The purpose of the bills is to amend the act to provide a new model for allocating cash-bid exploration permits in the offshore petroleum regulatory regime. For those listening at home, the Commonwealth has control over the resources under the ocean and states have control over the resources on land. That is the way cooperative federation works. If we look back over the years there was much heated debate in this parliament when the states and the Commonwealth were working out that divide and how it was going to do it. In fact I think a previous member for Moreton, Sir James Killen, received a lot of attention over some of the sorting out of that process. The debate was nice and cold at the time—if you read the Hansard from the time at which we were working out the Petroleum Resource Rent Tax, it was going to be the end of society as we knew it. Obviously that piece of legislation has resulted in $25 billion to $28 billion going into the coffers of the Commonwealth government.

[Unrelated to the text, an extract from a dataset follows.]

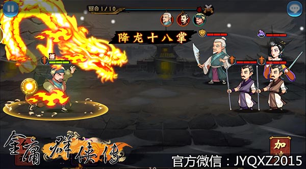 降龙十八掌,丐帮镇帮绝学,至刚至强至阳,是外门武学中登峰造极的招式。在《金庸群侠传》中,降龙十八掌作为乔峰乔帮主的重要绝招,招如其人,都有着光明磊落日月同辉的鲜明特色。降龙十八掌技能放出后,可以对全屏敌人造成伤害,对灼烧状态的敌人还具有伤害增加效果。强大的全屏伤害固然是威力惊人,然而也不可避免不能精准打击的缺憾。而且需要灼烧技能配合,在现有的缘分组合中恐怕很难找到,所以该招式的组合效果不够理想,不能最大程度发挥其毁天灭地的大威力。

Sadly, today we are having a similar debate about the MRRT. I understand that those opposite took that to the election and in their electorates they received confirmation that it is important that Gina Rinehart be given extra money. On this side of the chamber we support the idea that if super-profits are being made they should go to the Commonwealth. If super-profits are not being made, then obviously the tax is not being paid. So we are still passionate about the MRRT.

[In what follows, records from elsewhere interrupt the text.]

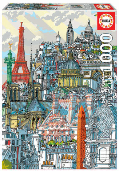 Paris puzzle örömet szerez minden képkirakó rajongónak a spanyol Educa vállalat műhelyéből, melyen Carlo Stanga híres illusztrátor művészien megjelenítő Párizs ábrája jelenik meg. Az egyedi puzzle csomag 1000 darabos . Puzzle minőségi alapanyagból készült és összeillesztés után egy képet jelenít meg. Az elemek megfelelnek a biztonsági szabványoknak - biztonságosak g
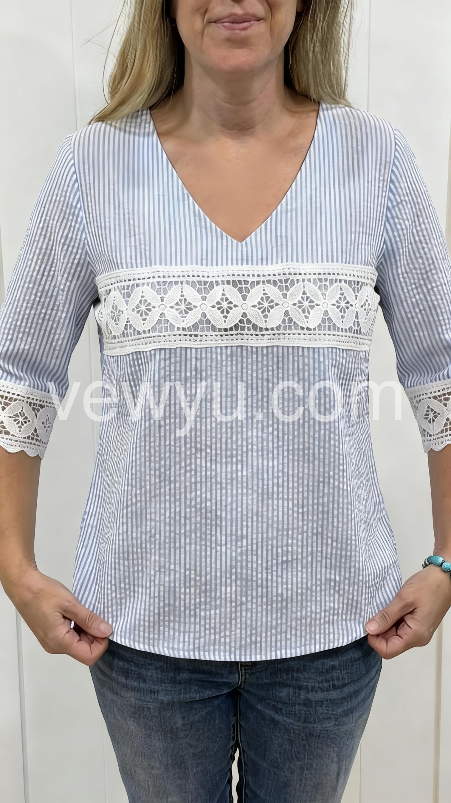 This relaxed-fit top features soft blue and white stripes with delicate lace detailing across the chest and sleeves. V-neckline and three-quarter sleeves for a comfortable fit. Lightweight fabric perfect for warm days. Effortlessly stylish with a touch of bohemian charm. Ideal for casual wear or beach outings.
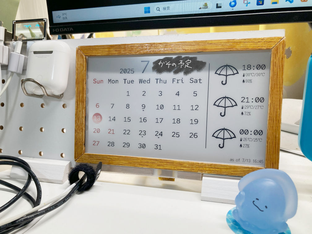 電子ペーパーと透明ディスプレイとRaspberry Pi Pico、それから家に転がっていた穴あき板と近所の工房でご自由にどうぞしてた木の切れ端で卓上カレンダー+ワットメーター作ったり(せっかくだから動画にまとめてみようかなと思ったけどめんどくさくなってやめてしもた)

Nevertheless, in regard to the bill in front of us, in November last year the Gillard government announced the decision to apply the cash-bidding title allocation method for select blocks, as released in the 2014 offshore petroleum exploration acreage release. This is sort of like the way the gold rush was handled in days gone by, where it was said that you needed to put in a bid and stake out a claim. Obviously you just cannot stick up a flag like they did in the Klondike, as offshore exploration is a bit more complicated. You have to be able to put a deposit down. They set a reserve price so that speculators or carpetbaggers would not come in.

I think this method of ensuring we receive the best return on our resources is the envy of the world, although with the number of metres of drilling the Canadians are doing at the moment they have established a couple of factors that Australia needs to lift its game on. Where they have it over us at the moment is on the Australian equivalent of flow-through shares. I think it is still the Labor Party position that we would achieve this, even though it did not come in during the six years we were in office. The reason the cash-bid exploration permit process works is because of the great resource we have in Geoscience Australia. They have some of the best, if not the best, data in the world, which they are able to sell around the world at fairs and markets. The way that they do it is a lesson in federation, in that the individual states, although they are competitors, go to the rest of the world and offer an Australian product. I wish tourism would take a ticket out of this process. It is a situation where, even though northern New South Wales is competing against Queensland, Victoria and Western Australia, we need to have one brand. I can see the member opposite nodding. I think it is something we need to work on a bit more: that we have that one recognisable brand. Rather than poor old Maroochydore going and trotting themselves out to the world, we need that Australian brand. But I think Geoscience Australia, despite the states competing for explorers, miners and capital, are able to go to the world and sell this information in such a way that for the last 20 years they have been able to sustain a level of investment that is the envy of the world.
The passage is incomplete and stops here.